The acquisition promised to strengthen the company’s security months after suspected Russian hackers exploited Microsoft’s software to spy on corporate customers.
Microsoft is buying RiskIQ, a cyber security firm that specializes in tracking hacking activities and online attacks on the Internet.
The acquisition comes months after a major breach by both Microsoft and IT provider SolarWinds. By taking advantage of several vulnerabilities, suspected Russian government hackers were able to hijack access to corporate email servers belonging to several customers. Those same attacks also exposed access to some of Microsoft’s own source code.
The SolarWinds breach was not mentioned in Microsoft’s announcement of the RiskIQ acquisition. Still, the company says the deal will “help our shared customers build a more comprehensive view of global threats to their businesses, better understand vulnerable Internet-facing assets, and provide world-class threat intelligence.” will build the information.”
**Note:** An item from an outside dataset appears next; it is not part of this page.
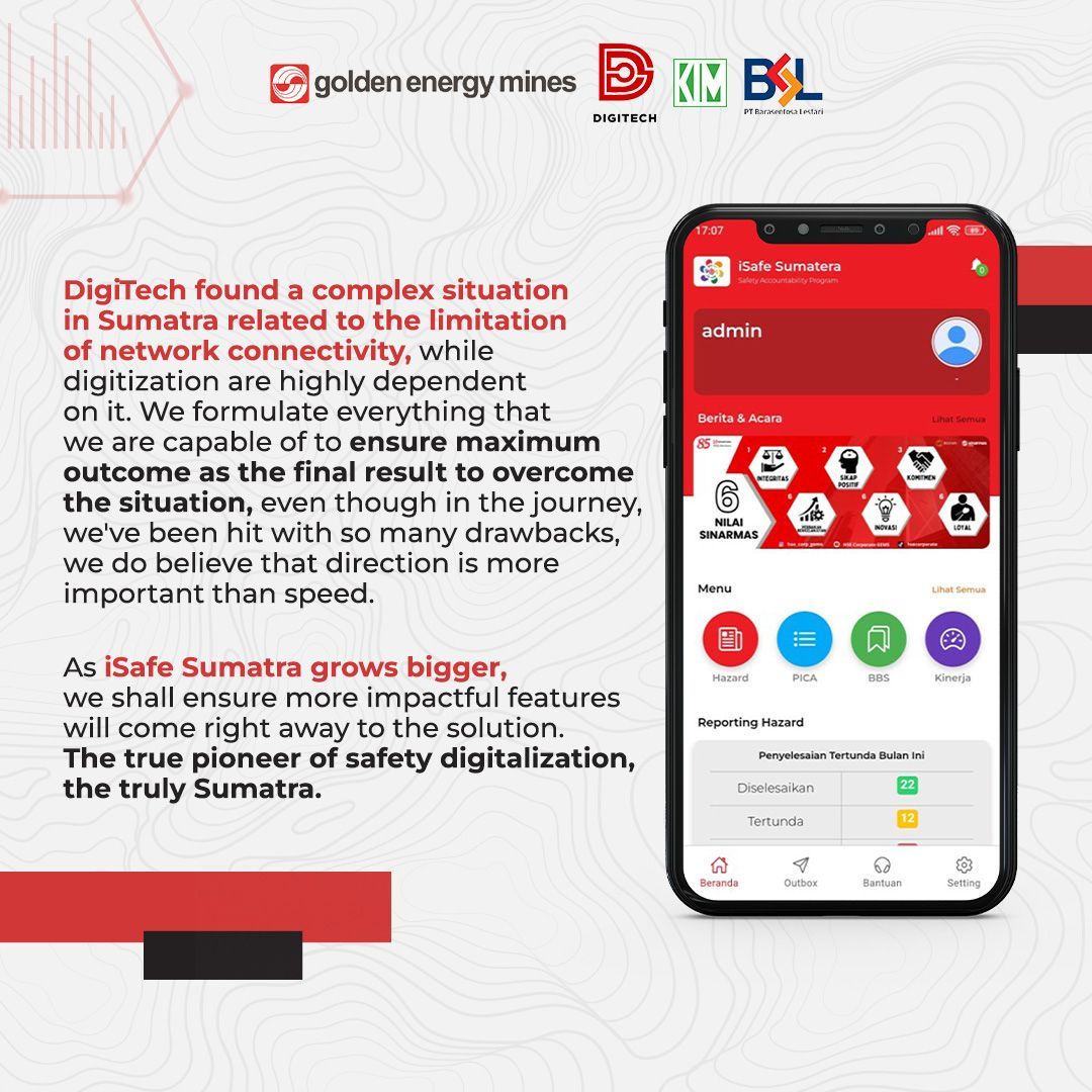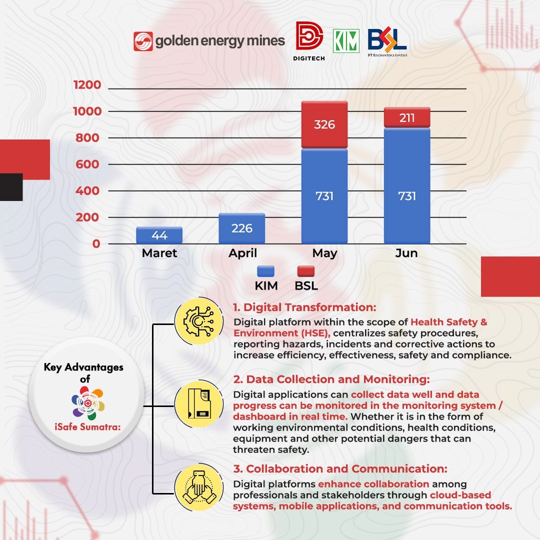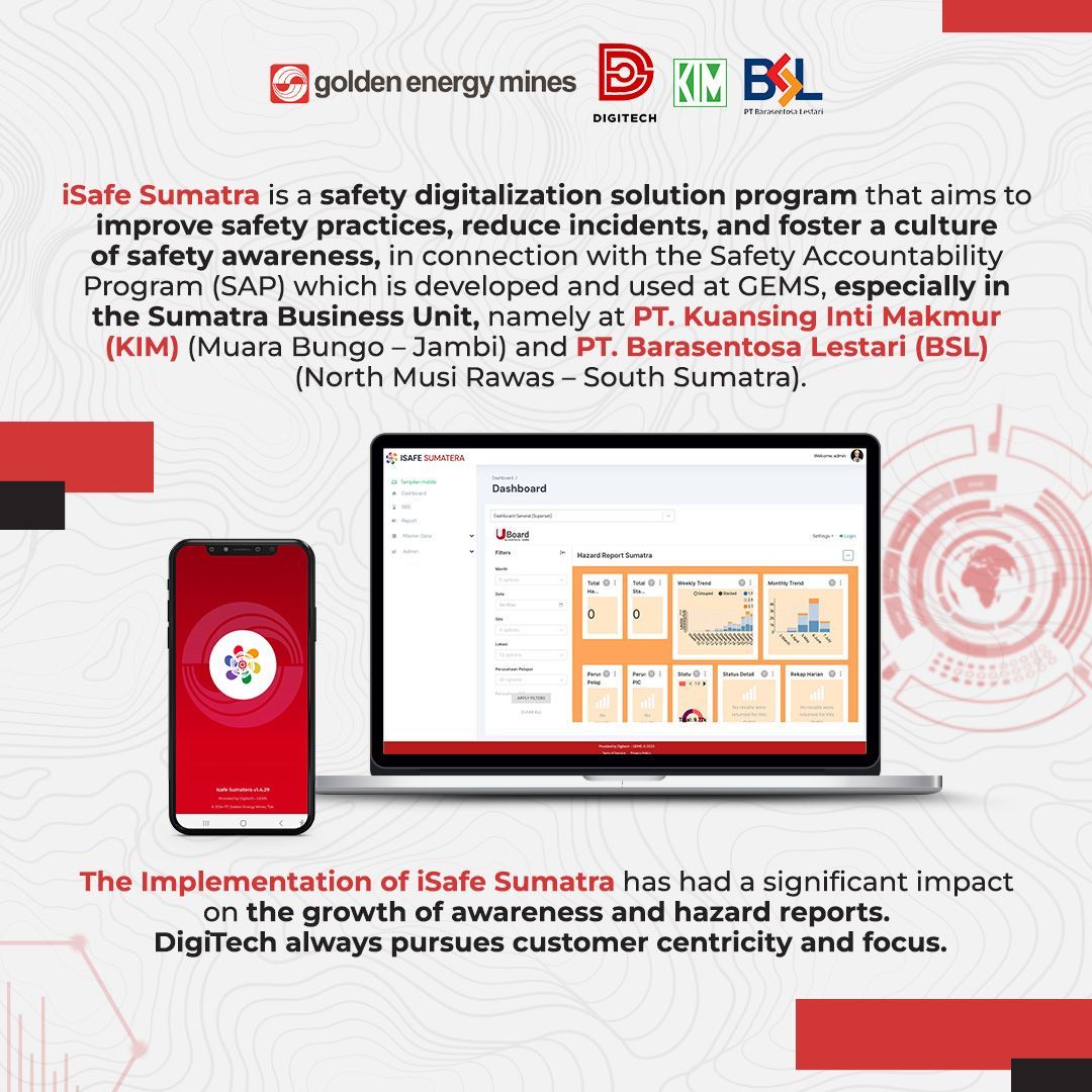 GEMS and DigiTech’s commitment to implementing collective progress across all business units can be seen in the iSafe Sumatra application. Berlian Hasbullah as Head of Upstream Business Advisory said, this application focuses on digitizing safety monitoring, operational efficiency, and compliance with regulatory standards, especially for site operational areas at KIM and BSL. The successful implementation of the iSafe application does not escape the involvement of all stakeholders. In the future, iSafe will continue to develop its features to make them more optimal. #TechConnect #GoldenEnergyMines #GEMS #iSafe #SafetyMonitoringApplication

Microsoft also points out that businesses are increasingly relying on a variety of cloud computing platforms to run their business. “Effectively the Internet is becoming their new network, and it is increasingly important to understand the full scope of their assets in order to reduce their attack surface,” the company said.
RiskIQ serves over 100,000 IT security analysts and 300 enterprises as customers. Through the company’s products, a customer can discover and protect vulnerable machines and software on their corporate network. Other RiskIQ products are designed to help IT security staff monitor and investigate hacking threats using intelligence from the security community.
“We are joining Microsoft to further expand our reach and impact,” RiskIQ said in a statement. “We will work closely with our customers as we integrate RiskIQ’s complementary data and solutions with Microsoft’s security portfolio to enable best-in-class solutions attack surface visibility, threat detection and response could.”
Surveillance will also extend beyond surveillance attacks on Microsoft services, such as Azure, the company’s cloud computing platform. Redmond notes RiskIQ can assess the security of various cloud computing services, including Amazon’s AWS, in addition to IT supply chains.